Explorar a doença da ministra para alçar a sua candidatura é cruel e desrespeitoso
A perversão na política nacional não tem limites, e não se resume à manipulação do mandato parlamentar para fins particulares, como se descobre pela revelação dos podres do Congresso. A exposição da doença da ministra Dilma Rousseff — um tumor no sistema linfático, felizmente diagnosticado em estágio inicial — foi um exemplo de desprendimento pessoal. Mas deturpado por oportunismo dos outros.
O consultor de política externa do presidente Lula, Marco Aurélio Garcia, declarou que “isso”, referindo-se ao tumor, “vai reforçar a candidatura dela”. Não se diz “isso”. É câncer.
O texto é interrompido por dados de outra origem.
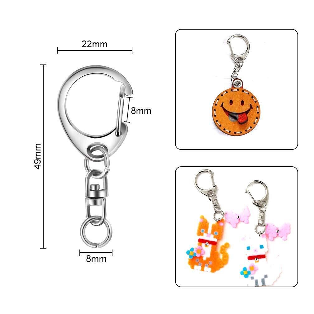 Lasoll キーホルダー金具 50個入り キーホルダー パーツ キーリング リング チャーム ストラップ ナスカン 回転フック 丸カン 付き ワンタッチ 手芸用品 ハンドメイド アクセサリー 手作り 素材 DIY 副資材 全長49mm シルバー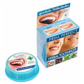 Тайская травяная отбеливающая зубная паста Prim Perfect заботится о полости рта, предотвращает появления кариеса, уменьшает чувствительность зубов, воспаление десен и борется с неприятным запахом благодаря входящим в состав травяным маслам.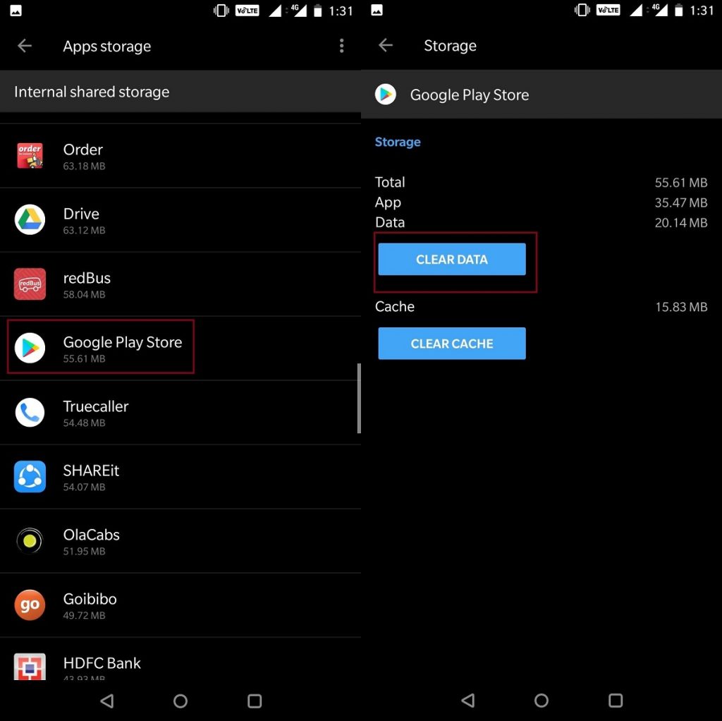 Fixieren 4: Löschen Sie die App-Daten des Google Play Store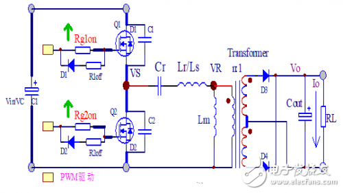 3. 谐振变换器采用频率控制,上下管的占空比各近似为50%.电路工作没有偶次谐波分量,有好的EMI特性。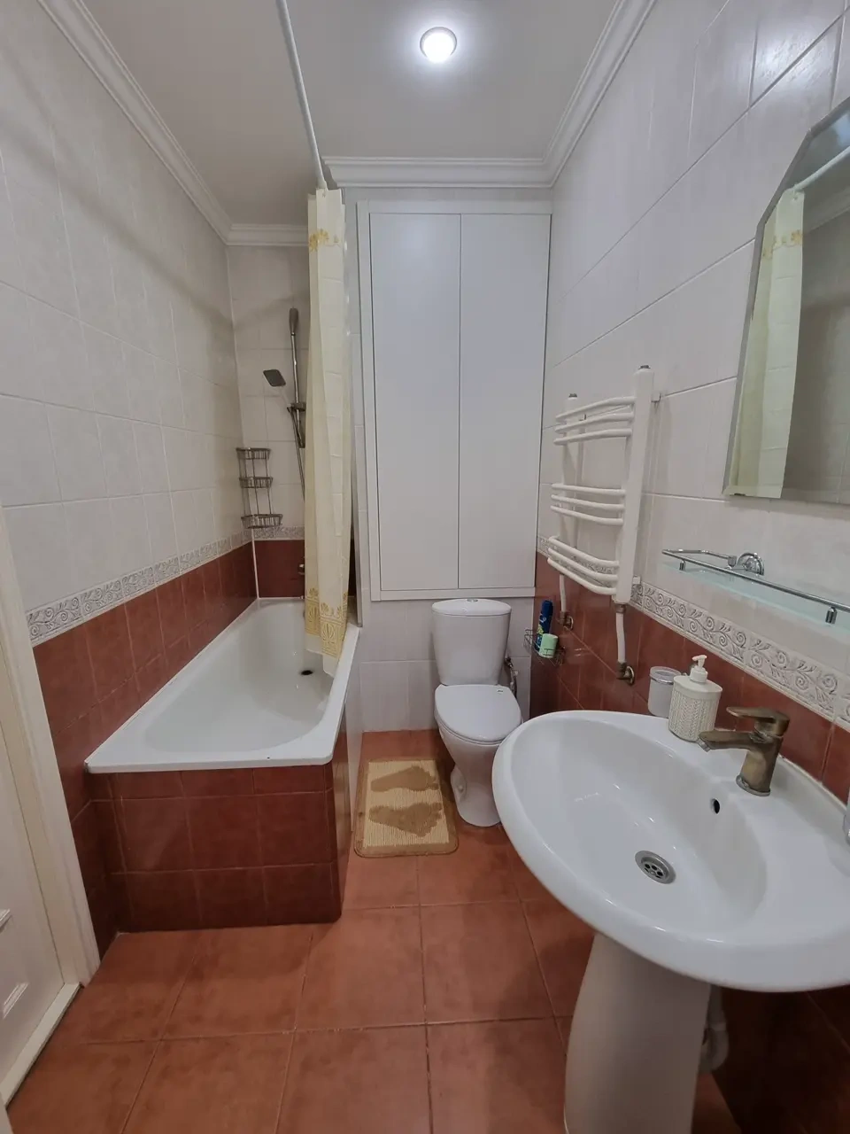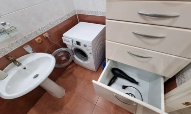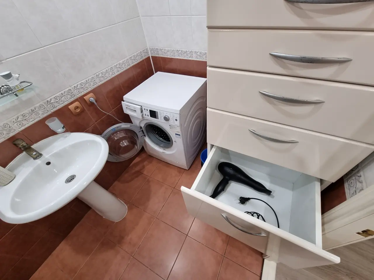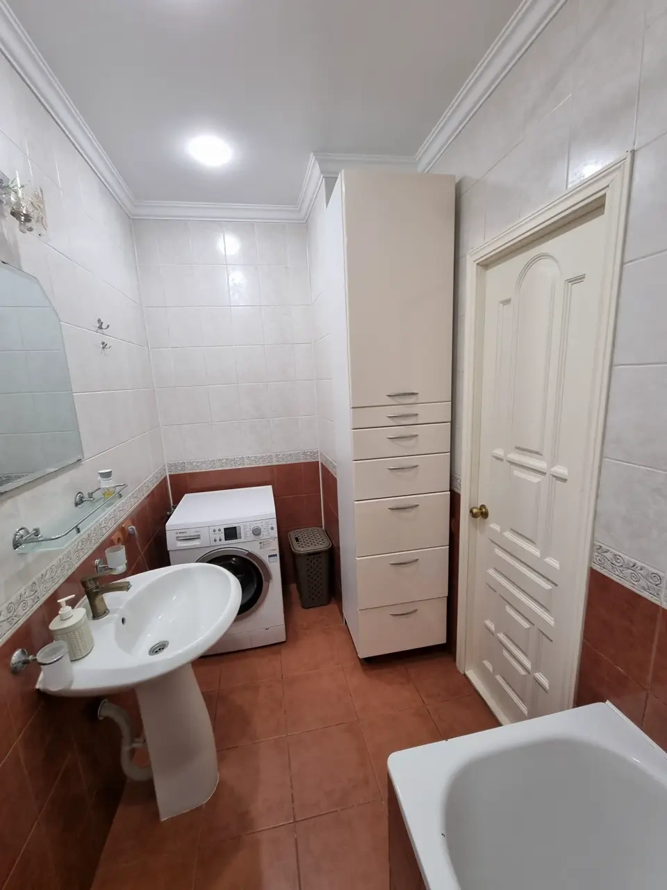 Санузел совмещенный. Имеется полноценная ванна 180 см в длину и большая стиральная машина.

Outros aliados disseram coisas assemelhadas. Fica implícita a visão utilitarista.
Não se diz coisas assim sobre mal tão agressivo, que abate, reduz a imunidade, provoca reações desagradáveis, dando teor oportunista às manifestações espontâneas e sinceras de solidariedade de todos.
A corrida eleitoral é um detalhe, além de distante, para daqui a 18 meses. Nem deveria já estar lançada pelo presidente Lula à sua sucessão, embora informalmente. Ela pode ser a candidata, mas por ora tem obrigação maior com sua própria saúde — e é só o que lhe deve importar, sem constrangimentos. Soa muito mal dizer que “isso deve ter impactado muito bem na opinião pública do país”, como se drama pessoal fosse atributo para eleger seja lá quem.
Foi desrespeitoso, mas também cruel. Em Manaus, o presidente, ao lado da ministra, disse ter “a convicção de que ela não vai parar um dia sequer”, ainda que antes tenha afirmado que “a prioridade zero é cuidar da saúde dela, até porque com essas coisas a gente não brinca”. Dilma é candidata, ministra de coordenação gerencial do governo, na prática, e gestora do programa de obras do PAC.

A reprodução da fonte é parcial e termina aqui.